Consider the listing below. Extract exactly the lines from the line containing "Ariana Grande, yang" to the line containing "Murmur dress. Size", both included.

Information given START

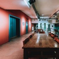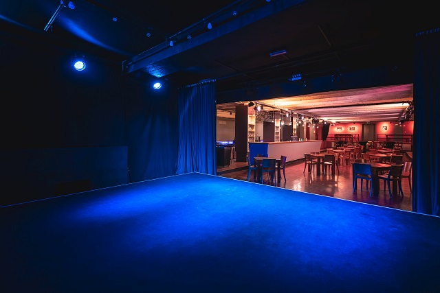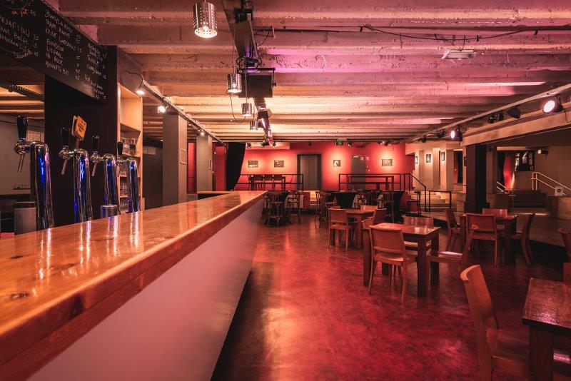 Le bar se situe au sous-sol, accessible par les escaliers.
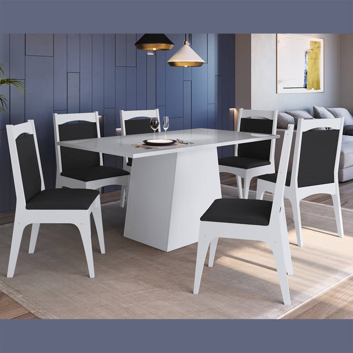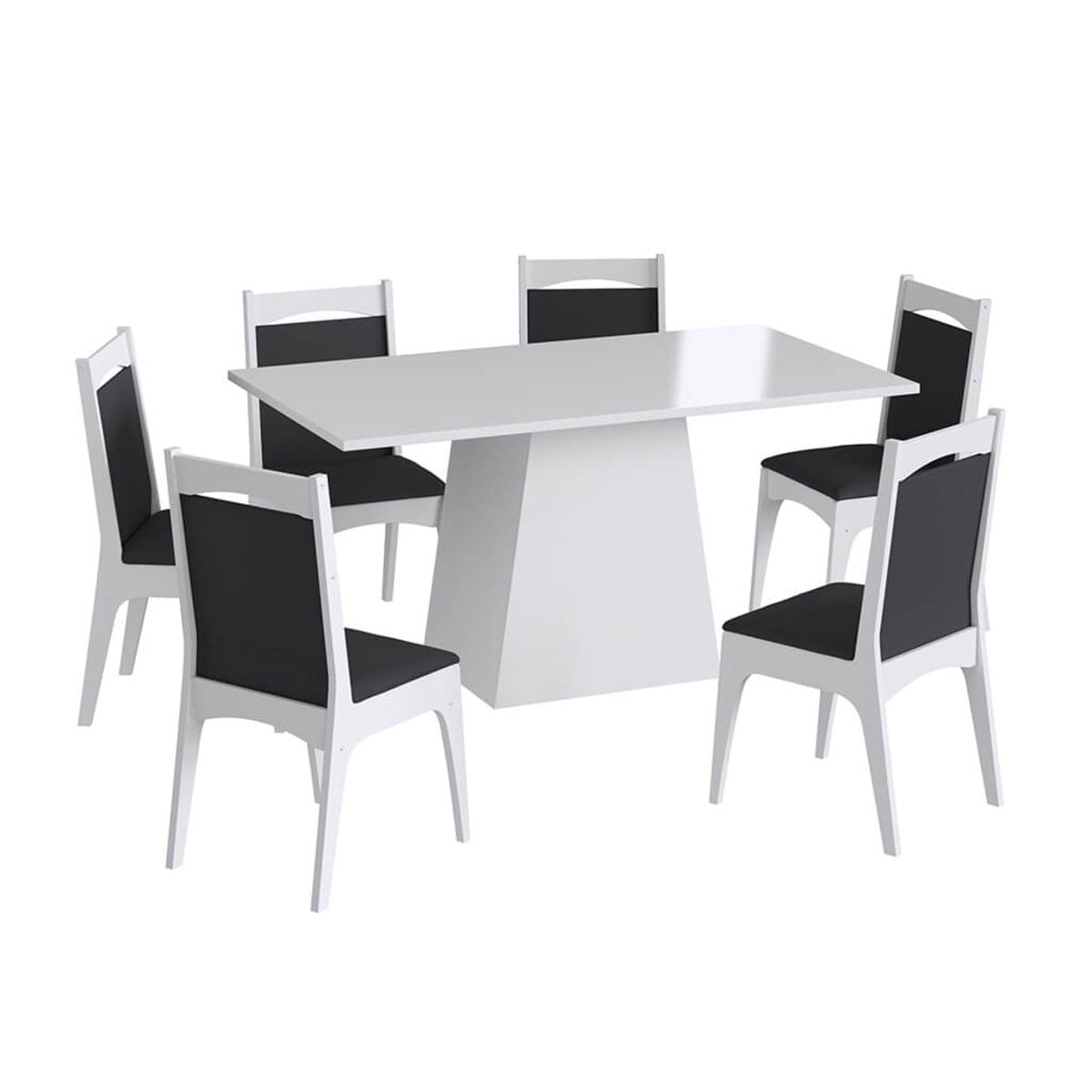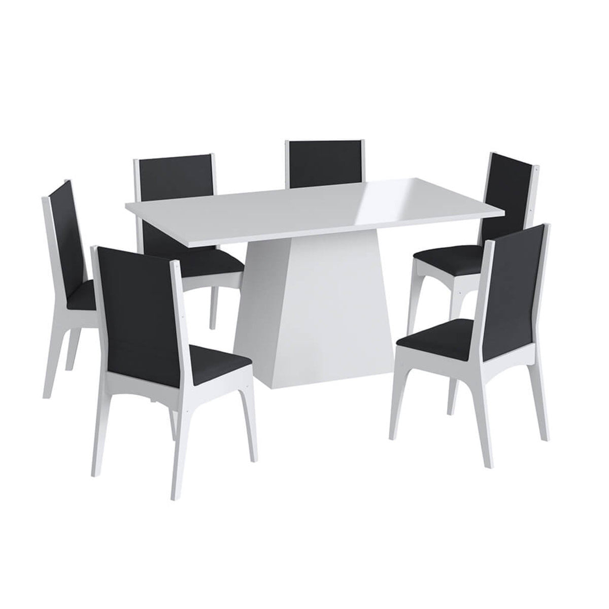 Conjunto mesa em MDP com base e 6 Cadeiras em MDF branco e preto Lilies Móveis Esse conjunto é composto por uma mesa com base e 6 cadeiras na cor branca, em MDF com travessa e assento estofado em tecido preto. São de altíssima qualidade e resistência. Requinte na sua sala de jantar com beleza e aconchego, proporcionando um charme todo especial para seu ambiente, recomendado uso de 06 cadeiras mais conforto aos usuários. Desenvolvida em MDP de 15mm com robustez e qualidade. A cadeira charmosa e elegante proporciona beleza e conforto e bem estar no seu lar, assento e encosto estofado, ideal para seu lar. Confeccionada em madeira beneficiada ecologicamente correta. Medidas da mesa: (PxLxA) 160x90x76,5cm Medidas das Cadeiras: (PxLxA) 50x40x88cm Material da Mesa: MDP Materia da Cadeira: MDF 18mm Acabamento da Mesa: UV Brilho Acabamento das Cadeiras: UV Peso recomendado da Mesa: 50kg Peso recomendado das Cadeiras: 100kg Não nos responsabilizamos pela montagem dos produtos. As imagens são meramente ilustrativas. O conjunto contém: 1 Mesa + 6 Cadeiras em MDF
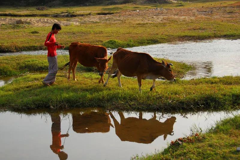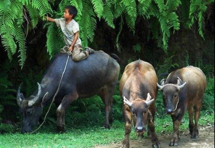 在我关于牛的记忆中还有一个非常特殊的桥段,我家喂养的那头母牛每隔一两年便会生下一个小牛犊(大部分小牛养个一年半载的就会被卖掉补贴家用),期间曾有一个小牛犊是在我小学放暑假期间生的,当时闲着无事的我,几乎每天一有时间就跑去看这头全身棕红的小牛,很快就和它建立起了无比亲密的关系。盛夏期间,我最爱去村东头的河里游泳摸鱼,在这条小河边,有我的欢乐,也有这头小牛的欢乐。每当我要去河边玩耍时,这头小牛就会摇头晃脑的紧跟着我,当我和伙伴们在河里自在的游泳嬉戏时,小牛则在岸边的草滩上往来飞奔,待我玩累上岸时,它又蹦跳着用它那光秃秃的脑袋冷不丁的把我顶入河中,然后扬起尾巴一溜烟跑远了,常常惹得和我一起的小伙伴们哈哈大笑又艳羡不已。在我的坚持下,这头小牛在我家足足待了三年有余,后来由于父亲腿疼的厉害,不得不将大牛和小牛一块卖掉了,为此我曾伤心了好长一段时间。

Information given END
Information given START

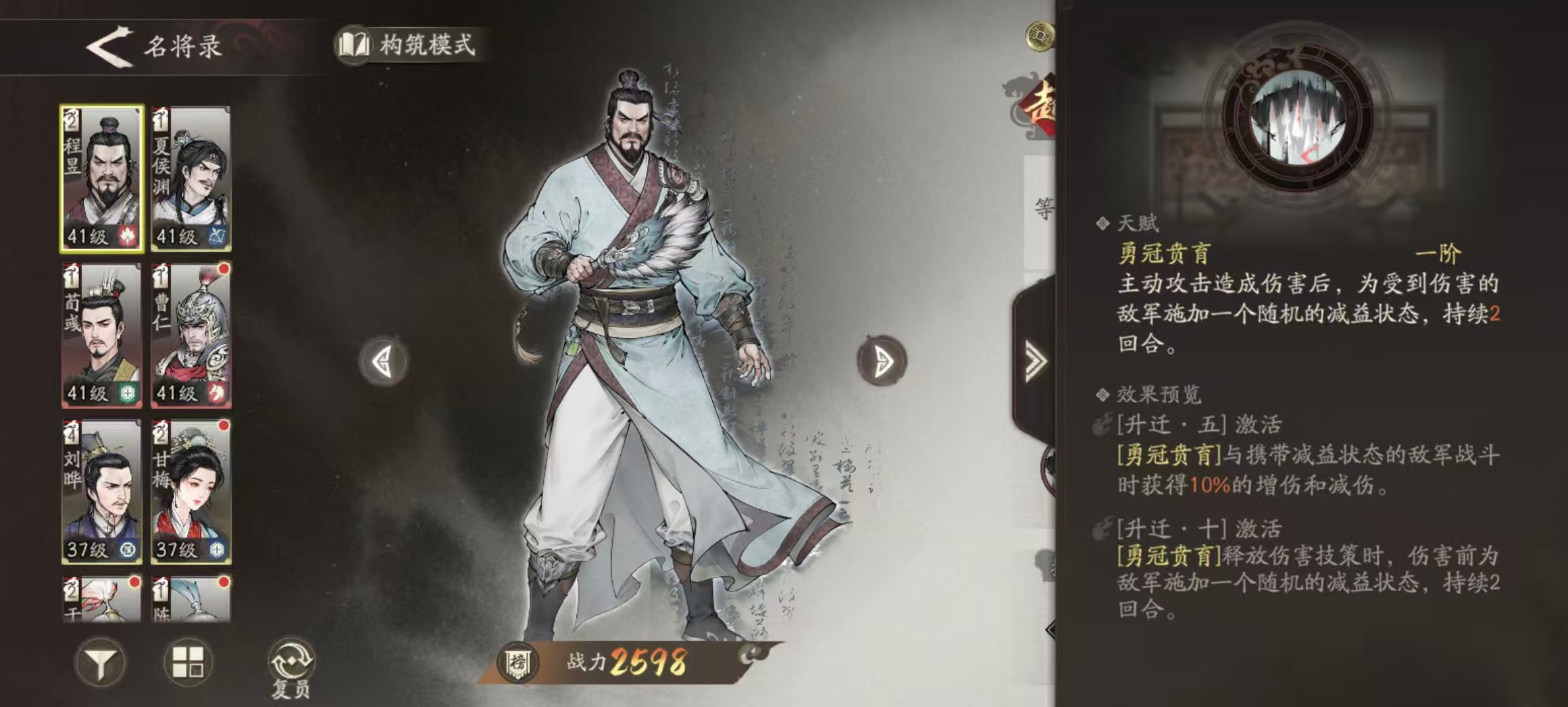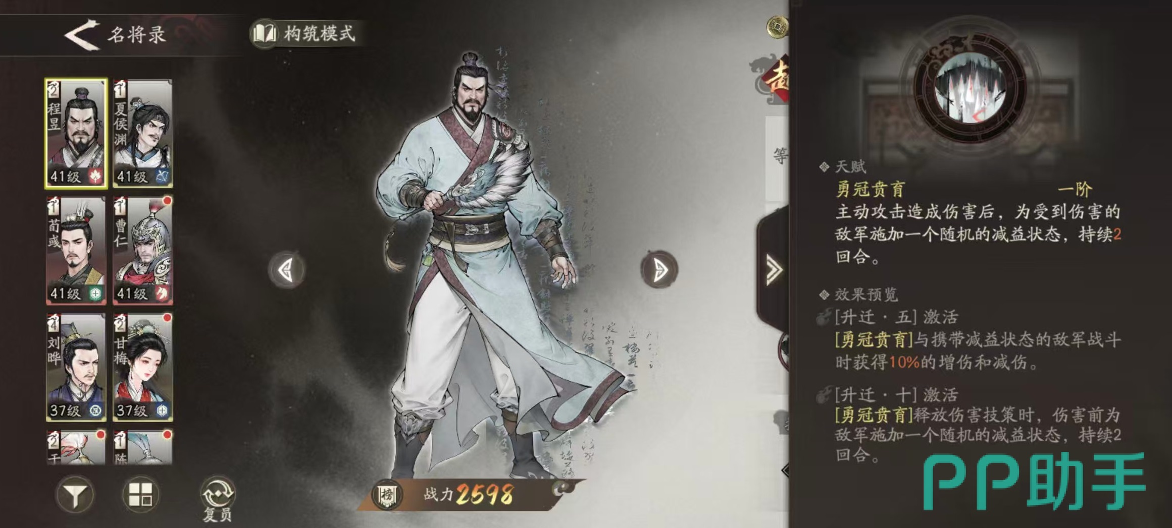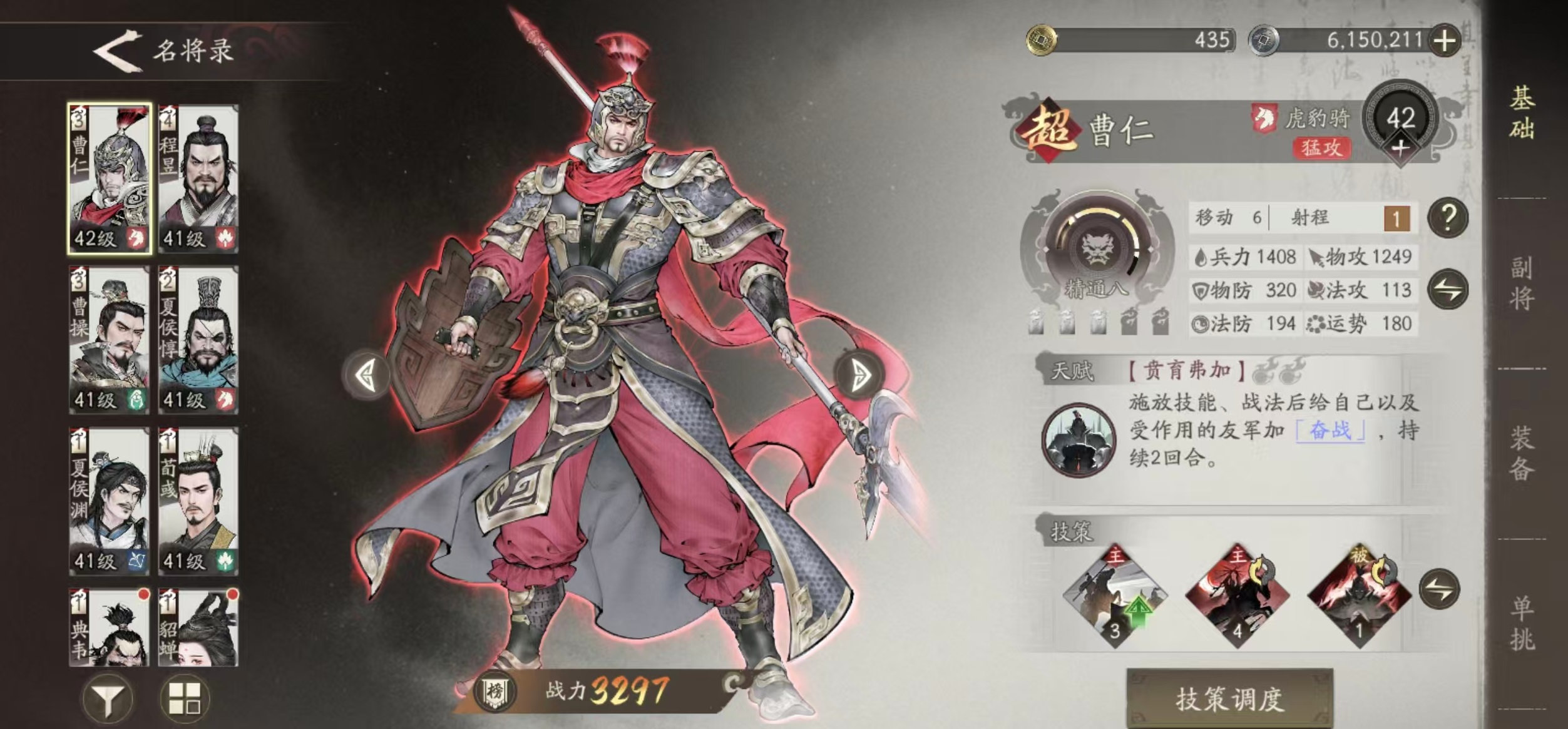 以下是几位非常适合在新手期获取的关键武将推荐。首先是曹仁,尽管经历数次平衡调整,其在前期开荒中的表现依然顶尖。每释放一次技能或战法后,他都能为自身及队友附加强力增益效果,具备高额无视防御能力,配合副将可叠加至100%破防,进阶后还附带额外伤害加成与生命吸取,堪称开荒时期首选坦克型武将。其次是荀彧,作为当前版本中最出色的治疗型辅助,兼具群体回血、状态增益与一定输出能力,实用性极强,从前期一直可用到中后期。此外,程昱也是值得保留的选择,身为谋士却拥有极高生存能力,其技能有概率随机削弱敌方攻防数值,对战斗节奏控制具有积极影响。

Information given END
Information given START

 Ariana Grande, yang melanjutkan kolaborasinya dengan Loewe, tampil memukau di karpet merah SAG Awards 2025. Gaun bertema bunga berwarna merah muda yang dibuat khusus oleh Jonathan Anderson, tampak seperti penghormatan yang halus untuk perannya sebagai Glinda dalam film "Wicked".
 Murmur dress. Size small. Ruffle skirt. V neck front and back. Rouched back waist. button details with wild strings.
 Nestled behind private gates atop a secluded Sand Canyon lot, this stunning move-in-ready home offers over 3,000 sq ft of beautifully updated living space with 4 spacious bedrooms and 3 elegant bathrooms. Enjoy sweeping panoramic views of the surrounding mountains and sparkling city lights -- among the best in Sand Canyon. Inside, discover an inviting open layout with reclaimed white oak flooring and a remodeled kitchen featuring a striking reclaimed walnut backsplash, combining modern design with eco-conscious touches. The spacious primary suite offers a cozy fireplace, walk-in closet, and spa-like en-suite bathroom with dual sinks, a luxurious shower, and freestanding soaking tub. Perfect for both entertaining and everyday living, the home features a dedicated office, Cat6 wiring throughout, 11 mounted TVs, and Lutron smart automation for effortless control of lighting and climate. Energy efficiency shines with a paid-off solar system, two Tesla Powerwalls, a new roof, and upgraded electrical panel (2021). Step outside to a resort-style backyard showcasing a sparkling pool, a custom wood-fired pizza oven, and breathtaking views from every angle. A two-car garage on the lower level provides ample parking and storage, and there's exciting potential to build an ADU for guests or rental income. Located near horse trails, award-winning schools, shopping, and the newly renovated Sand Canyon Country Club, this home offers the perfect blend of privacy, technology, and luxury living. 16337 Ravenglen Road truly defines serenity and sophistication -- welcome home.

Information given END

▸ Task solution
 Ariana Grande, yang melanjutkan kolaborasinya dengan Loewe, tampil memukau di karpet merah SAG Awards 2025. Gaun bertema bunga berwarna merah muda yang dibuat khusus oleh Jonathan Anderson, tampak seperti penghormatan yang halus untuk perannya sebagai Glinda dalam film "Wicked".
 Murmur dress. Size small. Ruffle skirt. V neck front and back. Rouched back waist. button details with wild strings.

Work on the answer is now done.